0

Hi all I have a big problem with my hash function. I try to explain my problem :

I have a set of char and I want to do an hash function because I want to change the set with hash set, for each char I have a index , so what I do now :

pair --> index p = 1 index a = 2 index i = 3 index r= 4---> so my hash return 1234

but if for example I have

so --> index s = 12 index o = 34 ---> hash 1234

COLLISION!!!!

P.S. : I cannot order my char in alphabetic number....

So , is there anyone that can help me?? THANKS A LOT :)

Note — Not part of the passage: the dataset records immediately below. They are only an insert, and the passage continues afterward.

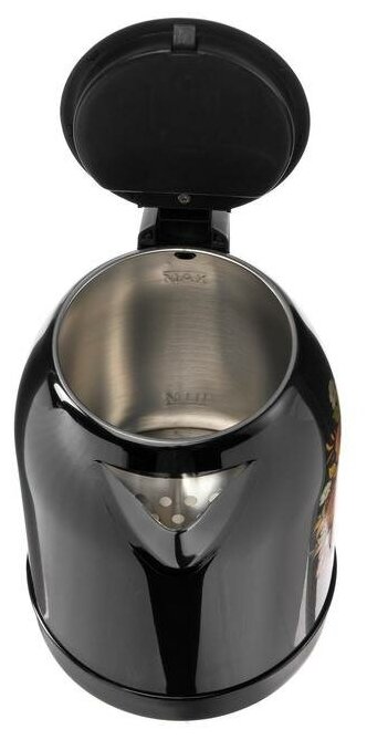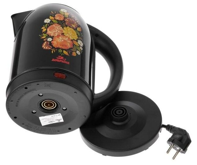 Чайник электрический "Добрыня" DO-1219, металл, 2 л, 2000 Вт, черный с цветами
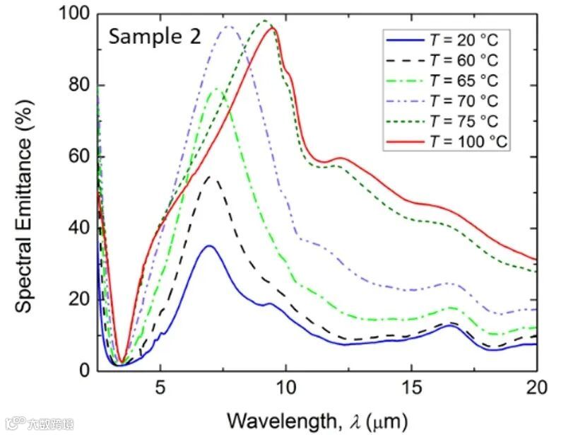 利用多层镀膜技术制备了上述的VO2多层结构,并测量了其辐射性质。图11中的测量结果显示,多层结构处于室温时在2-20微米波长范围内的红外发射率较低。随着温度的升高,结构的发射率逐渐升高,峰值发射率接近100%。这样的高温高发射率、低温低发射的特性使得该多层结构可用于动态辐射热控。
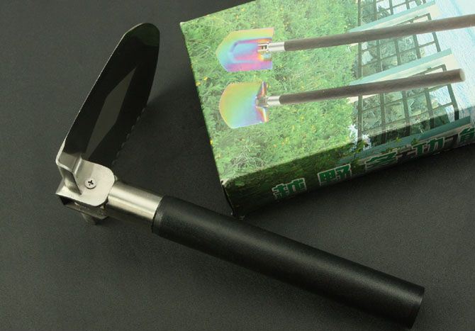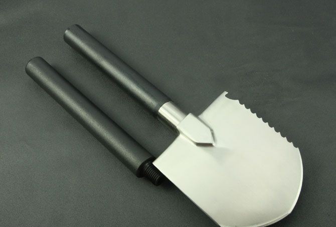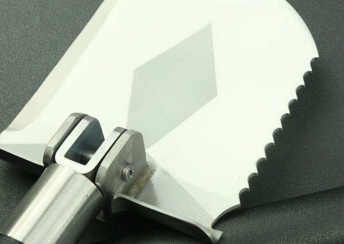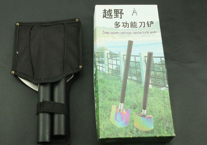 越野多功能铲(有牙) 全 长:535mm 刃 长:85mm 柄 长:400mm 刃 宽:107mm 刃 厚:1.9mm 刃 材:3Cr13Wov 重 量:900g(含包装) 硬 度:55HRC 表 面:砂光 柄 材:尼龙+纤(分三节) 锁 型:定锁 其 他:配尼龙和彩盒套
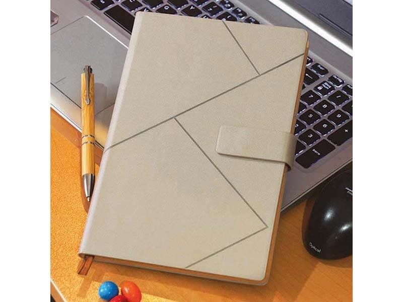 Incluye cinta divisoria de seda y porta bolígrafos elástico integrado.
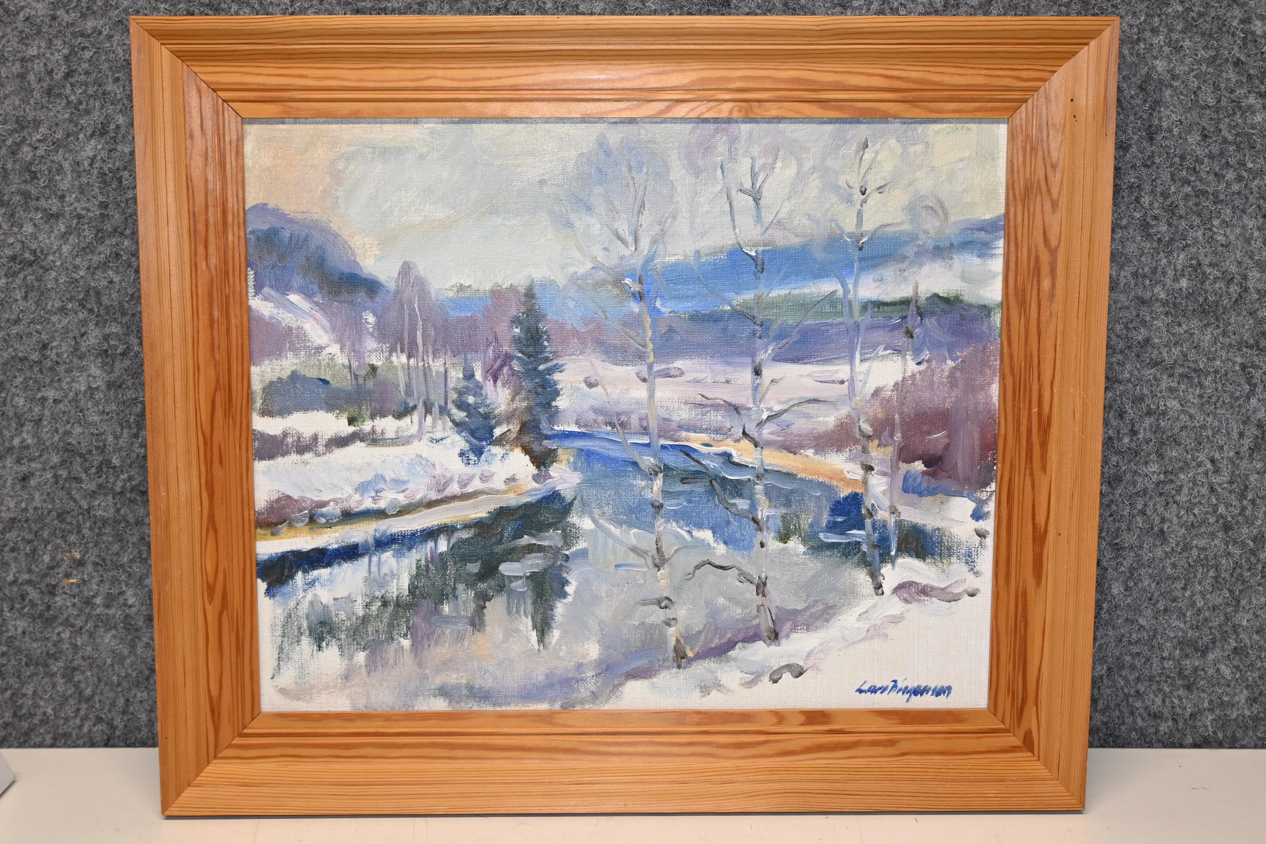 645. Tavla. Opd av Lars Birgersson (Ekshärad) vinterdag i Ännarbolsmon mmr.42x50cm

  • This is why you shouldn't design your own hash. What's wrong with using existing widely-used ones, like md5/sha1? – Marc B Apr 17 '13 at 15:21
  • Commonly the chars are multiplied with some good chosed numbers which often gets XORed, but you do nothing like that... Typical multiple mathematical experts needs month to develope a hash algorithm. – rekire Apr 17 '13 at 15:22
  • Because I have also integers numbers in my set and if I have to do to_string and then pass the value to md5/sha1 is too much expensive :( – Leonardo Rania Apr 17 '13 at 15:25
  • Building a hash is more expensive than converting. Depending on your data structure you could simply hash the memory of your structure. So you don't need to convert anything. – rekire Apr 17 '13 at 15:30
  • No no trust me...building a hash is more expensive only for the brain :) I tried to use md5/sha1/superFast... – Leonardo Rania Apr 17 '13 at 15:33
  • Try a bit rotation together with XOR the next byte. That would result less collisions, but that will produce some. By the way if you don't be an expert or a PhD i won't trust you ;-) – rekire Apr 17 '13 at 15:37
  • Yes,I didn't say that is always expensive but in my case yes :) however I'm doing a master thesis... – Leonardo Rania Apr 17 '13 at 15:44
  • In this case I'm just a little step ahead I've completed mine. – rekire Apr 17 '13 at 15:48
  • good :) I hope to reach you as soon as possible :D – Leonardo Rania Apr 17 '13 at 15:51
  • xor is not good for me ..... my hash function now is : h = join(h,CHAR.getIndex()+1) – Leonardo Rania Apr 17 '13 at 15:52
  • Which programming language you using? XOR should be fast AFIK XOR is also a CPU command. – rekire Apr 17 '13 at 15:58
  • c++ .... sure xor is fast but not in my case I have to found a number to sum or multiply or other operation to CHAR.getIndex() to resolve the collisions ....but my hash function must be h = join(h,CHAR.getIndex()).... – Leonardo Rania Apr 17 '13 at 16:02

1 Answers1

0

You could try the string hashing function of Java. This is my C# port which should be simple ported to c++:

int javaHash(String txt) {
    uint h = 0;
    if(txt.Length > 0) {
        for(int i = 0; i < txt.Length; i++) {
            h = 31 * h + txt[i];
        }
    }
    return (int)h;
}
rekire
  • 47,260
  • 30
  • 167
  • 264